- **Provided data**
□ □ □ □ □
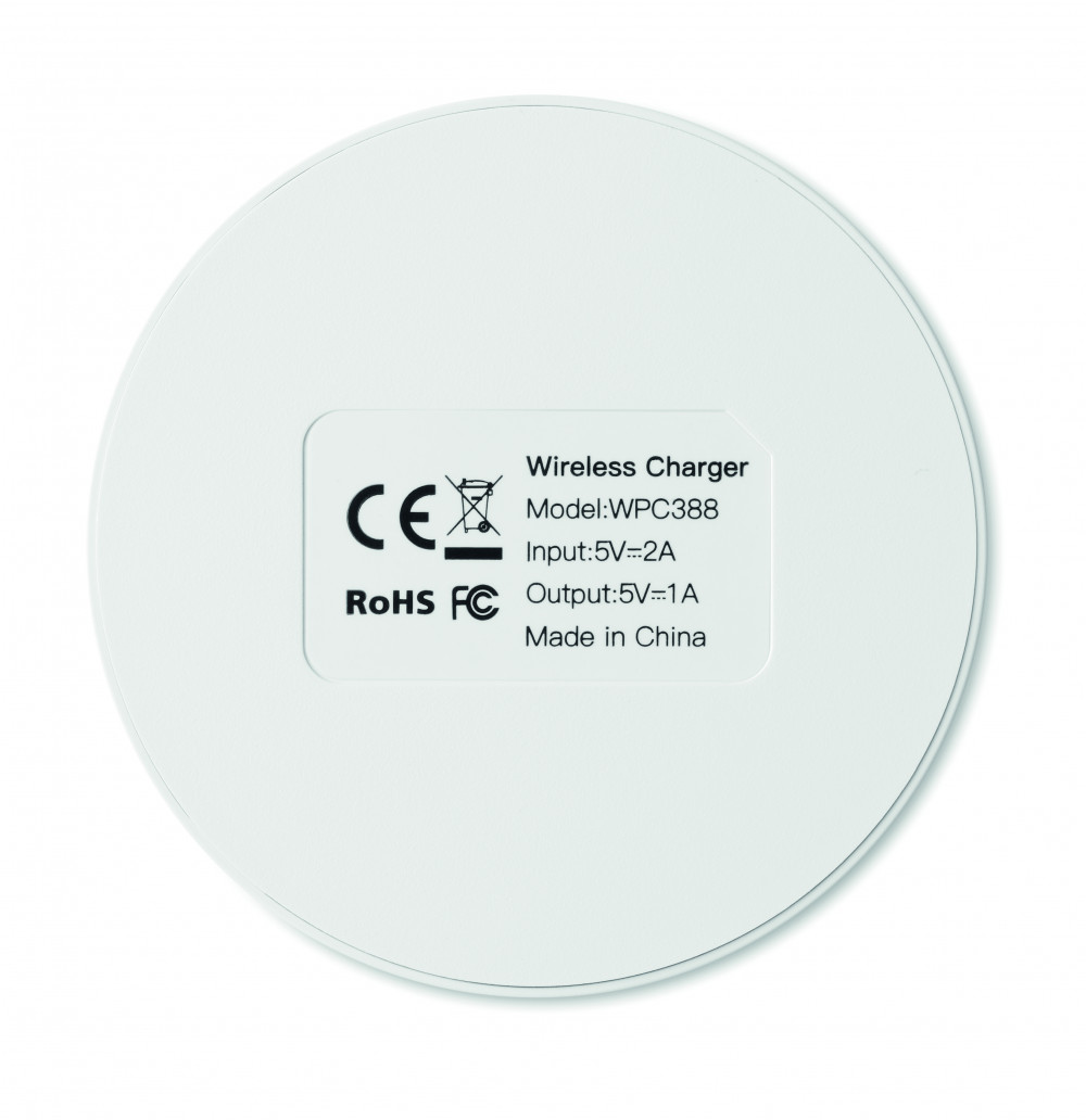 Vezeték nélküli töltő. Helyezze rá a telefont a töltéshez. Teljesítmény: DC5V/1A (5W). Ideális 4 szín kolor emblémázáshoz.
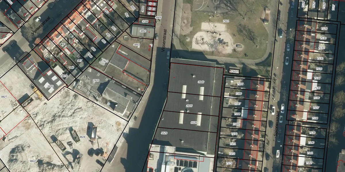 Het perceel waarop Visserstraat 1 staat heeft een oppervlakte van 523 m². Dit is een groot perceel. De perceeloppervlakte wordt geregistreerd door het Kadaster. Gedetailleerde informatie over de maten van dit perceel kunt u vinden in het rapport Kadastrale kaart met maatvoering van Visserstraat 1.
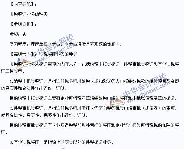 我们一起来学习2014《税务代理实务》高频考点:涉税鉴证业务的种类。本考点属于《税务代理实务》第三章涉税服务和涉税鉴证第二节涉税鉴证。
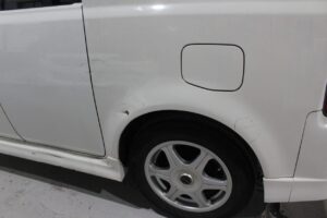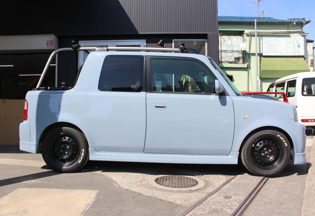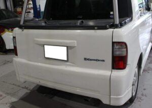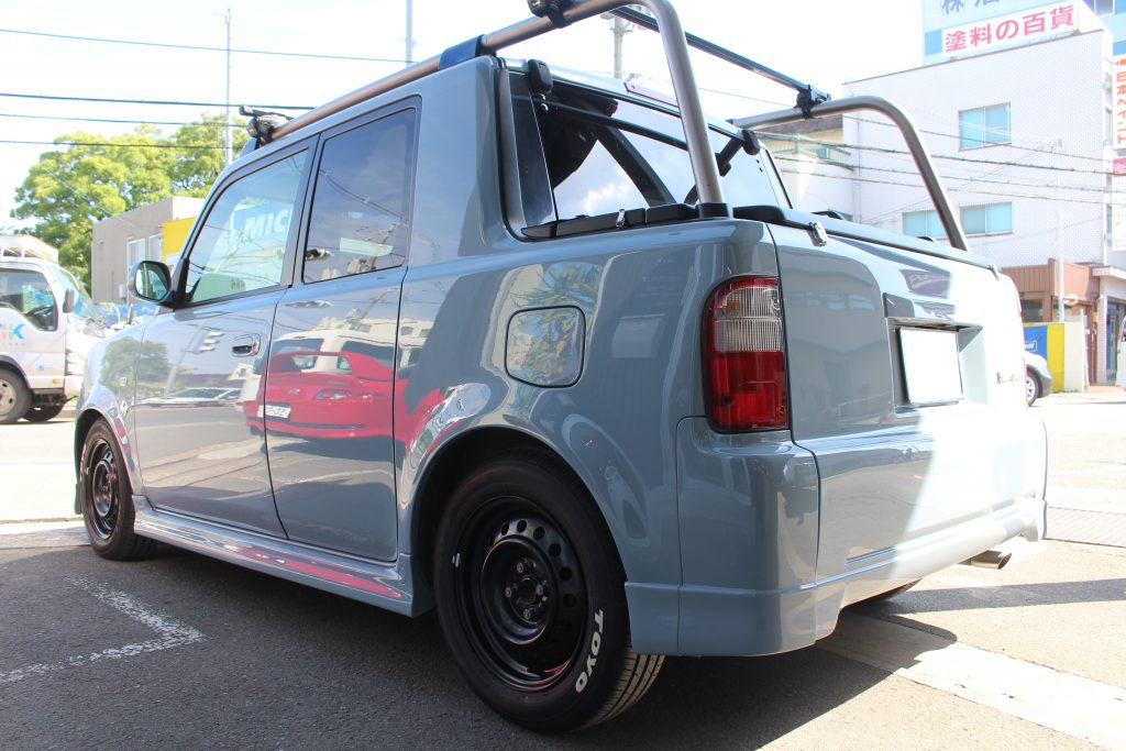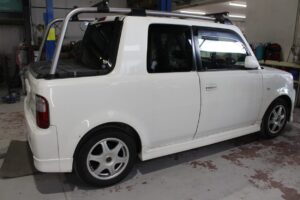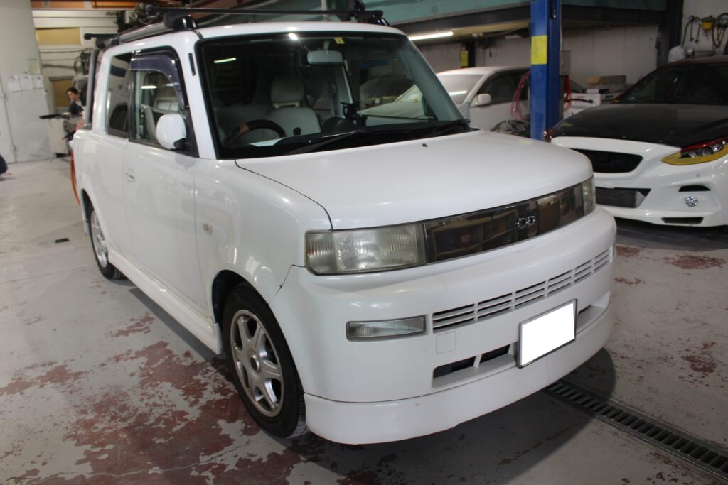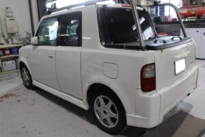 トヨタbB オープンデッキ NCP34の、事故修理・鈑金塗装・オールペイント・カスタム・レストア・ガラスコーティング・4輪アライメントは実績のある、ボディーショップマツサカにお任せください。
□ □ □ □ □
Pictures are not part of the answer, which must be the exact lines from the one holding "我们一起来学习2014《税务" through the end of the material, both ends included.

- **Solution**
 我们一起来学习2014《税务代理实务》高频考点:涉税鉴证业务的种类。本考点属于《税务代理实务》第三章涉税服务和涉税鉴证第二节涉税鉴证。
 トヨタbB オープンデッキ NCP34の、事故修理・鈑金塗装・オールペイント・カスタム・レストア・ガラスコーティング・4輪アライメントは実績のある、ボディーショップマツサカにお任せください。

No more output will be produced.